Usually, the goal is to separate a solid phase from a carrier gas or liquid flow. The tangential inlet of flow into the main body of the cyclone generates a flow pattern—and consequently a centrifugal force profile—which is responsible for the phase separation based on the density difference between the phases: generally, the higher the density difference, the higher the separation efficiency.

However, there are many additional factors affecting the separation efficiency, including the cyclone dimensions, particle size distribution, particle loading, feed flow rate, and split ratio. For some applications of liquid cyclones, where the cyclone is open to the atmosphere, air is sucked through the overflow/underflow ducts to the center of the cyclone, forming an air core whose shape and stability can also affect the separation performance.

To achieve the required centrifugal force profile in the cyclone, it is important to optimize the velocity field, which is very complex despite the fairly simple geometry of cyclones.
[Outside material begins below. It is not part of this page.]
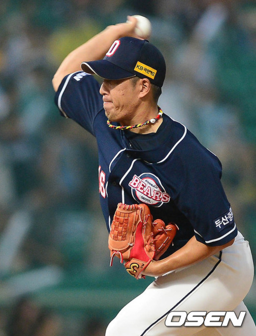 1일 오후 인천 문학구장에서 열린 '2012 팔도 프로야구' SK 와이번스와 두산 베어스의 경기 7회말 교체된 두산 김승회가 역투하고 있다.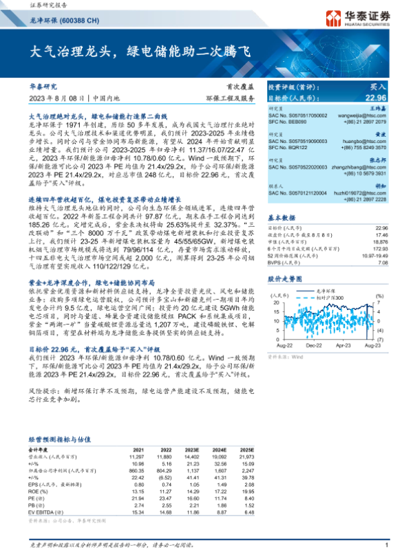 【华泰证券】【20230808】龙净环保-600388.SH-大气治理龙头,绿电储能助二次腾飞-23页 行业研究

Computational Fluid Dynamics (CFD) modeling of multiphase flows in cyclones, including the highly anisotropic turbulence modeling for swirling flow, requires special considerations. Upon validation of a CFD framework for such flows, further simulations can be employed to optimize operational conditions for a given cyclone design. Thus, the geometry of the cyclone can be improved to enhance separation performance, or performance changes can be assessed when scaling of the cyclone is considered.

The animation displays the evolution of an air core in a 75mm hydrocyclone operating at the overflow-to-underflow mass flow split ratio of 30. Note how the air core extends over the entire length of the hydrocyclone. The Reynolds Stress Model, with quadratic pressure strain, was used to determine the turbulence stresses and obtain an accurate CFD prediction for the air core.